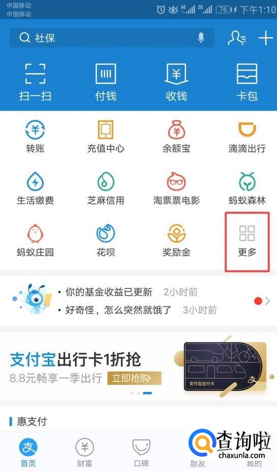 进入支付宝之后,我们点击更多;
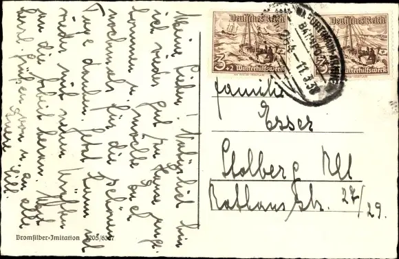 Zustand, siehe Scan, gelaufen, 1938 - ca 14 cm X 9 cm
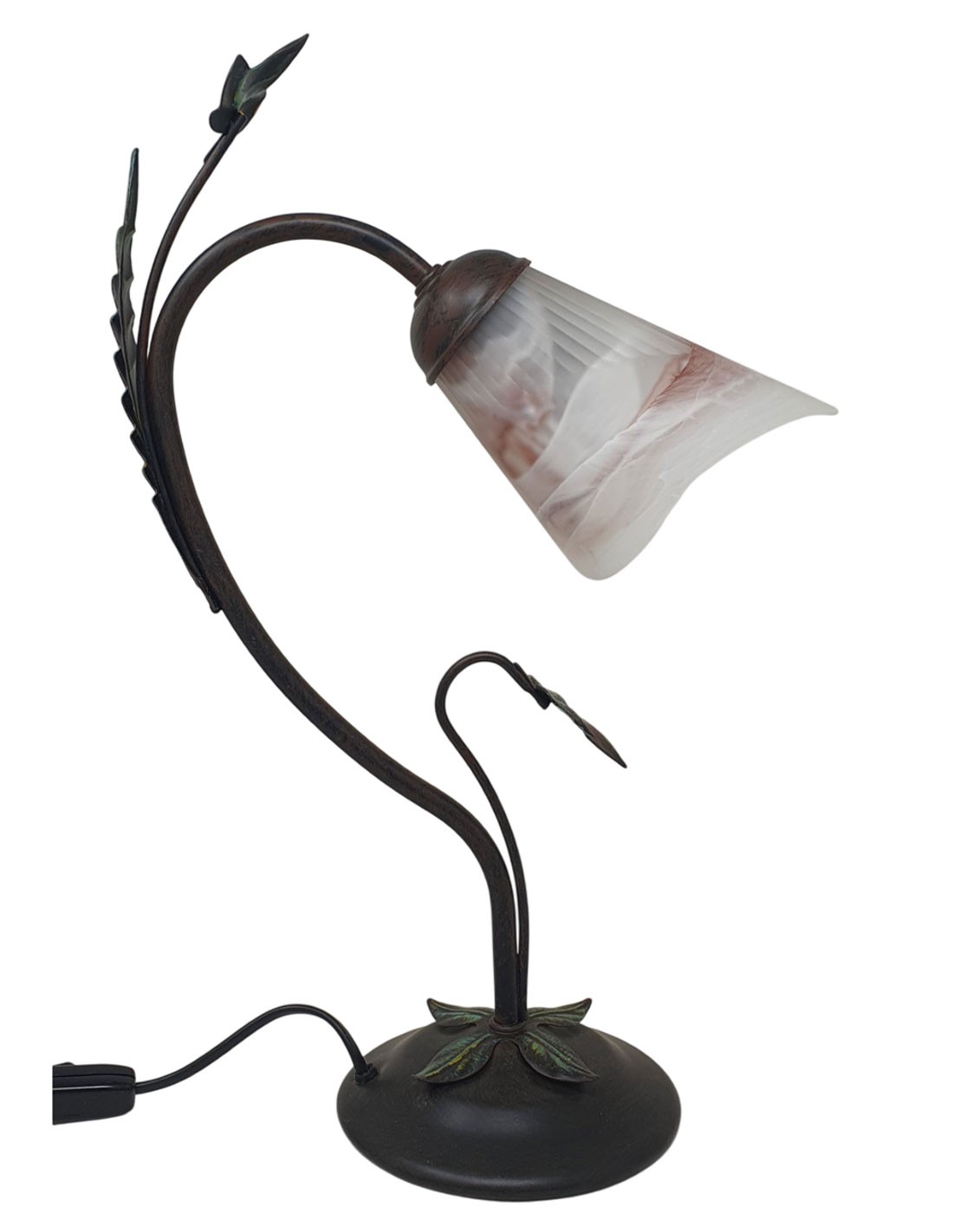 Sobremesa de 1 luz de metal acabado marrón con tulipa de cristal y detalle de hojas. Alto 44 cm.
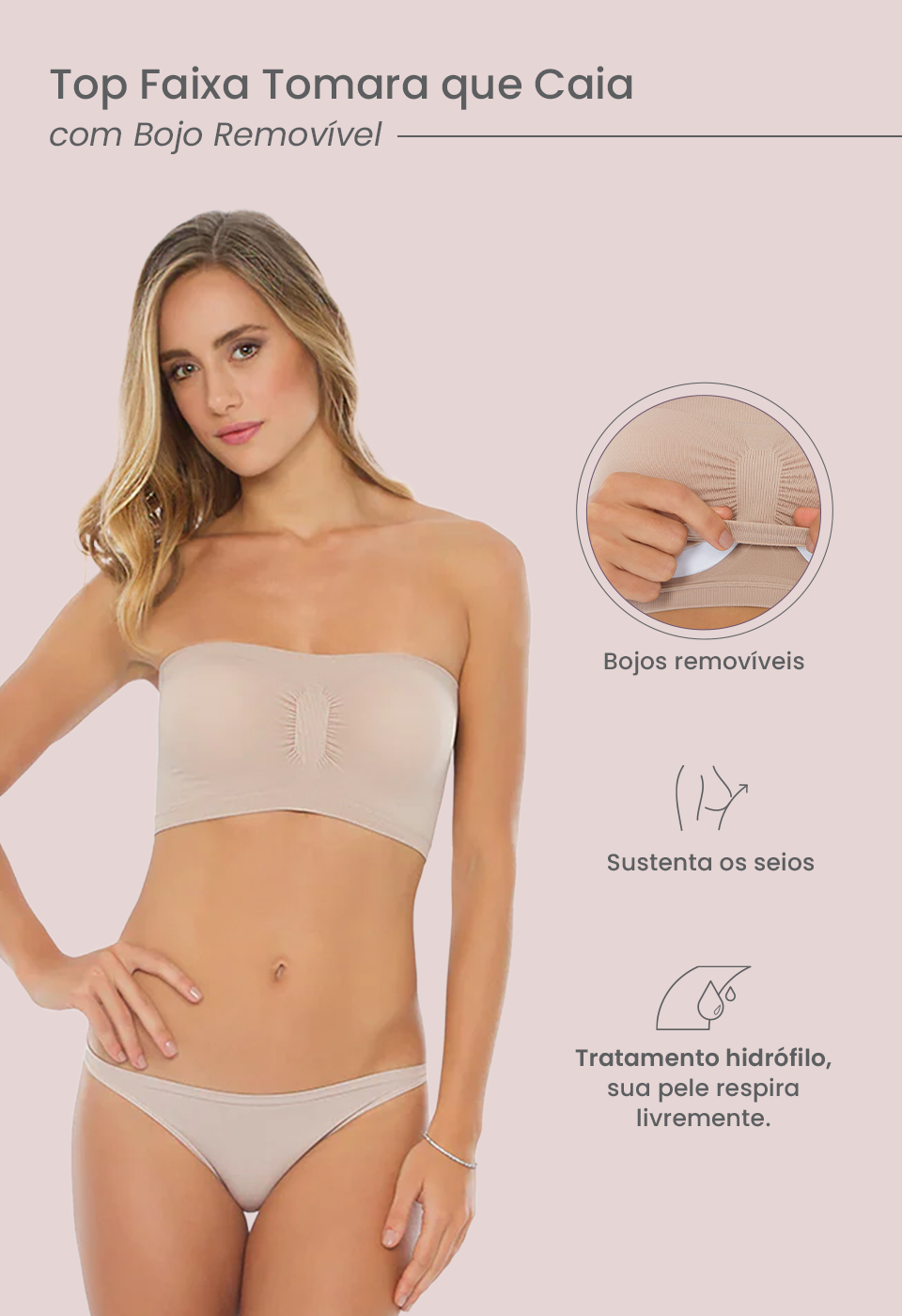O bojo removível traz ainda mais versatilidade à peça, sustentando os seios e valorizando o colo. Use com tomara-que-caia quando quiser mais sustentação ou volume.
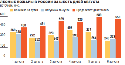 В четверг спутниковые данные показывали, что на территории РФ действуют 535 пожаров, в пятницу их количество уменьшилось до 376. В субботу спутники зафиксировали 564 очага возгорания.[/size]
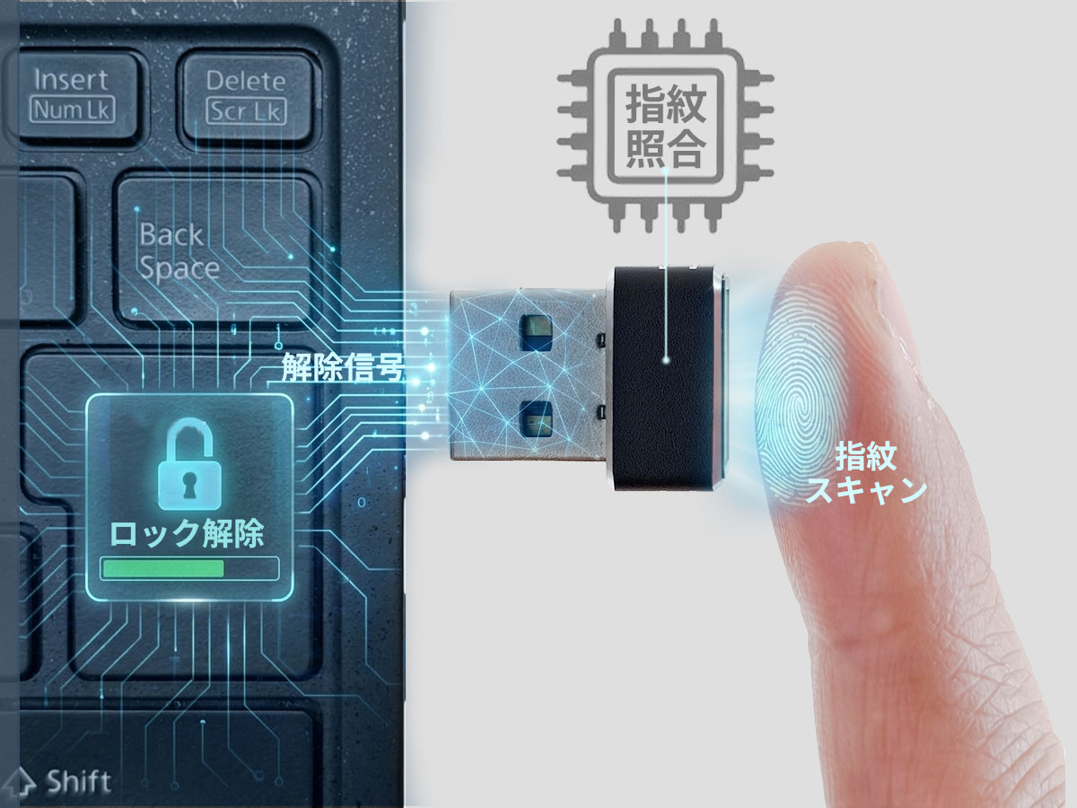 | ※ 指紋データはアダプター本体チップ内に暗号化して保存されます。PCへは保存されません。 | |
▬▬▬▬▬▬
Action item
Nothing but the lines from the one containing "Zustand, siehe Scan, gelaufen, 1938" through the end of the listing should be written out, each exactly, and pictures must be left out.

Reply to the task
 Zustand, siehe Scan, gelaufen, 1938 - ca 14 cm X 9 cm
 Sobremesa de 1 luz de metal acabado marrón con tulipa de cristal y detalle de hojas. Alto 44 cm.
O bojo removível traz ainda mais versatilidade à peça, sustentando os seios e valorizando o colo. Use com tomara-que-caia quando quiser mais sustentação ou volume.
 В четверг спутниковые данные показывали, что на территории РФ действуют 535 пожаров, в пятницу их количество уменьшилось до 376. В субботу спутники зафиксировали 564 очага возгорания.[/size]
 | ※ 指紋データはアダプター本体チップ内に暗号化して保存されます。PCへは保存されません。 | |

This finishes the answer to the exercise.